FILM REVIEW: 'How I Ended This Summer'

> How I Ended This Summer
5 stars (out of 5)

Directed by: Aleksei Popogrebsky
Cast: Grigory Dobrygin, Sergei Puskepalis
Rating: (M)


From the title alone, it would be easy to dismiss How I Ended This Summer as throwaway teen fluff. But this Russian drama is a piece of existential excellence; a brooding meditation on consequence, circumstance and trust.

How I Ended This Summer would make a great stage play, with action isolated to one location and two characters. However, that would strip it of one defining characteristic - the landscape. Unfolding like a stunning photo essay at 24 frames a second and spliced with curious interludes of absolute stillness and mystical time-lapse imagery, the action, if you can call it that, takes place on a meteorological research station in the Russian Arctic.

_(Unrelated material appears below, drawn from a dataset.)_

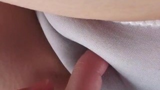 Tasty looking blond amateur gets her fresh pussy fingered hard through panties

The older of the men, Sergei (Sergei Puskepalis), has a long association with the remote outpost and does not initially show much respect for his young apprentice, Pasha (Grigory Dobrygin). During a fishing excursion, Sergei reluctantly trusts Pasha with radioing meteorological readings through to a base controller. During this stint Pasha receives news that Sergei's wife and child have been in an accident. Trusted to pass on the information, Pasha keeps quiet. This is when the story proper begins.

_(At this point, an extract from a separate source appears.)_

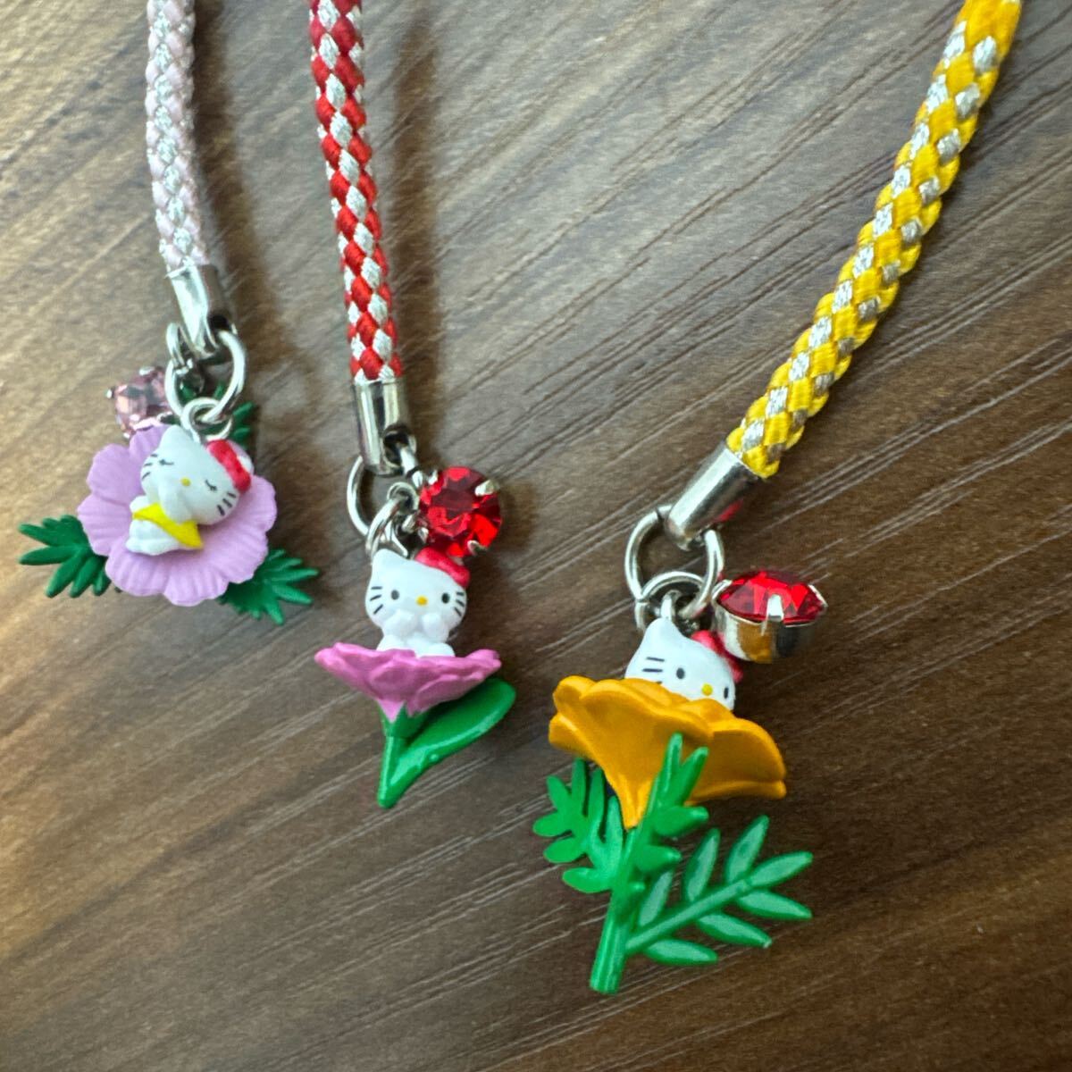 - キティちゃん 根付け 3点セット 2005 フラワー 花 装飾付き

Nothing is ever alluded to, and that's the best part. The horror of what Pasha knows eventually gets the better of him and when it does, all the subtle brooding, glaring and moodiness boil over into the scary realisation that there is no judicial impasse here. Add a stray polar bear, some nuclear radiation and a shared rifle and you have all the elements for one of the most engaging films of the year.


Best thing: The sound design. The way that Aleksei Popogrebsky builds tension through the ears, rather than the eyes, is eerily brilliant.

Worst thing: Just imagining what it would be like to live in such a place.

See it with: Salty trout on crackers.